KEY hospital-based services in Gwent are becoming increasingly 'fragile' due to staffing issues that can only be dealt with through the long-awaited Specialist and Critical Care Centre (SCCC) project, according to a health board report.

Bringing together a range of under-pressure services on one site will be the only means of addressing problems caused by a lack of specialist staff, reduced training numbers, and a need to reduce the amount of on-call shifts for doctors.

A number of these services continue to be provided at both the Royal Gwent and Nevill Hall Hospitals, and Aneurin Bevan University Health Board is looking at ways of maintaining them in the four years before the SCCC is due to open.

But it is warning that this is likely to prove very expensive, and is unsustainable beyond the short term.

Much depends too on the demands of the Wales Deanery, which oversees doctors' training and education, and which is pursuing a new on-call rota system that it wants in place by next August.

Among the services in Gwent that are considered fragile are paediatrics, neonatal, and obstetrics and gynaecology, currently provided at the Royal Gwent and Nevill Hall.

A lack of middle grade doctors - not a problem confined to Gwent, indeed Wales - is making staffing shifts increasingly difficult.

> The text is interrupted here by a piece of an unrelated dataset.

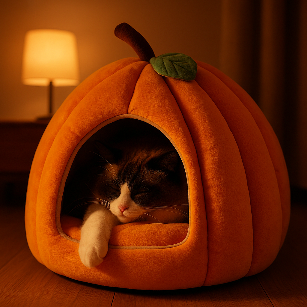 Seasonal Pumpkin-shaped Cat Hideaway for Cuddles
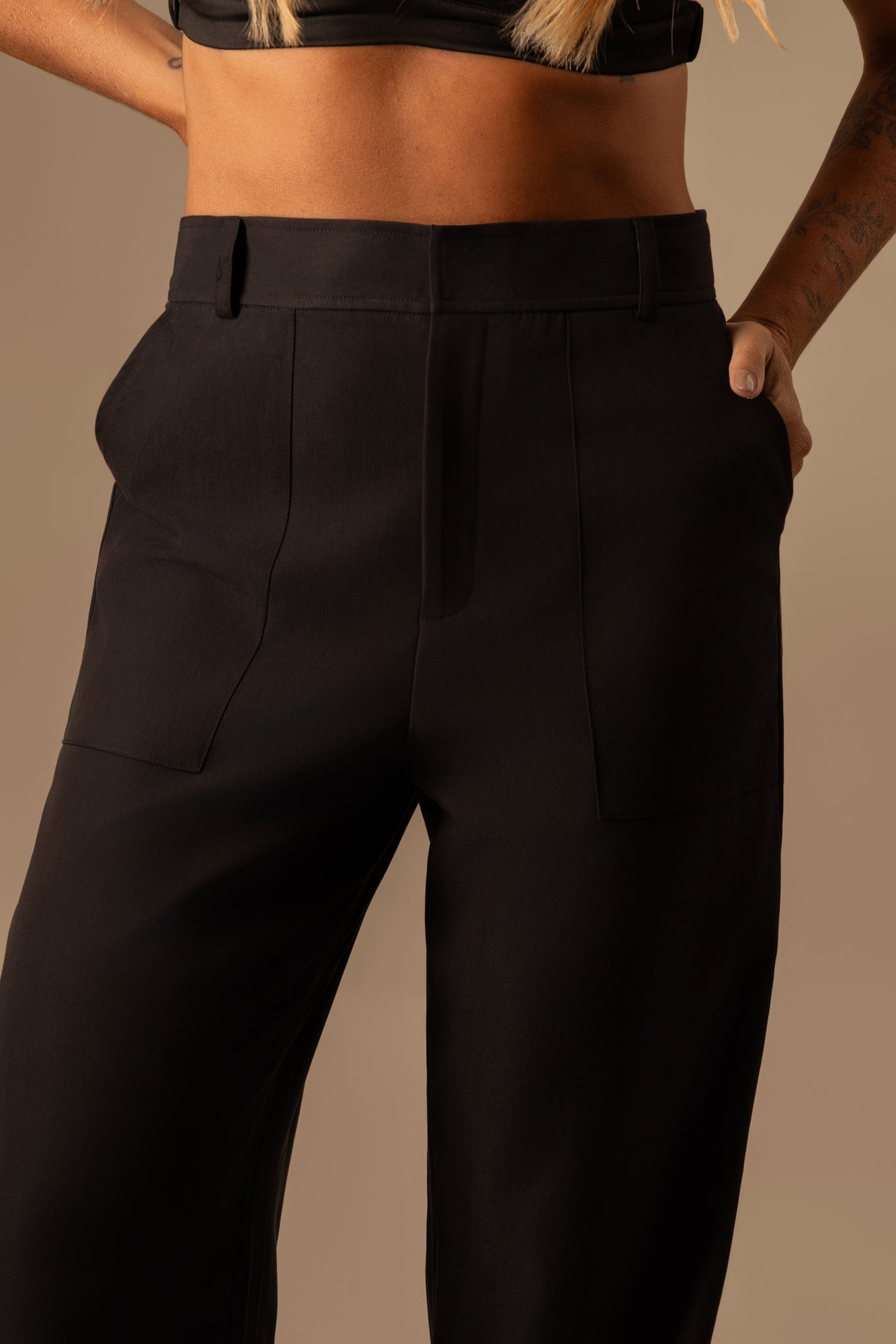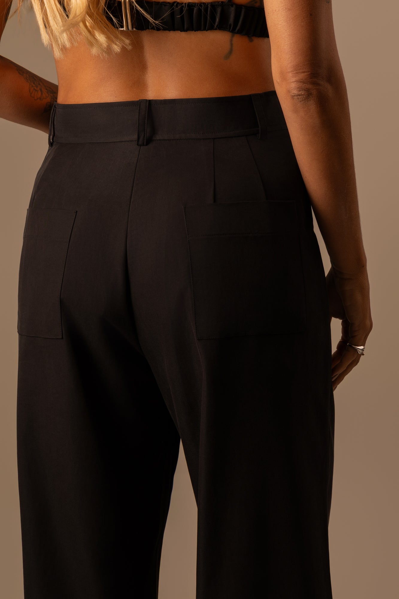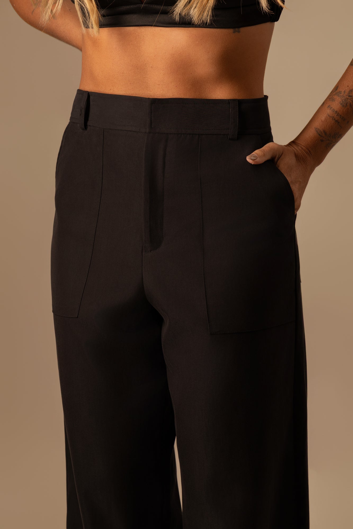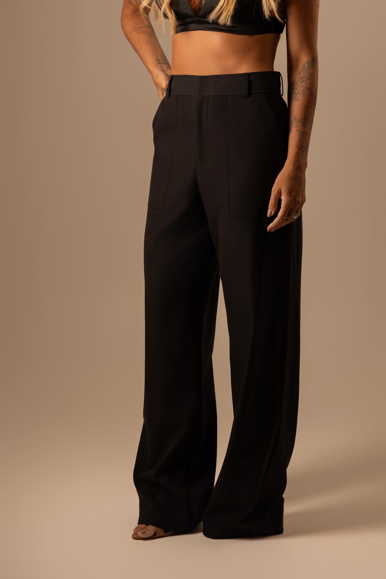 Calça reta de alfaiataria preta com modelagem clássica e caimento impecável. Confeccionada em tecido de alta qualidade, oferece conforto e sofisticação para o dia a dia. Versátil e atemporal, é ideal para compor produções elegantes ou contemporâneas, do trabalho a ocasiões casuais refinadas.

Short term, the health board is aiming to deliver safe and sustainable services at both hospitals with one solution being to employ 'hybrid consultants' - offering middle grade doctor cover as well as consultant-led work.

The health board's full business case report for the SCCC states the 14 of these are proposed across the aforementioned specialties to fill staffing gaps, but the health board is stressing that this is only an interim solution, not least due to the cost, but also because hybrid consultants are likely to leave when traditional consultant posts become available.

There is too a significant degree of interdependence between these three specialties, and between some of them and others, such as critical care.

For instance obstetrics must be co-located with neonatal and critical care due to the needs of premature or very sick babies for the expertise of staff - and the facilities of - each.

Emergency general surgery is another fragile two-site service, considered unsustainable due to a reduction in middle grade medical training places, which affects the ability to have out-of-hours cover on more than one site.

Trauma service rotas at both hospitals too, are failing to meet the Deanery standard, a potential reduction in junior training posts will, says the report, make rotas "very difficult" to fill.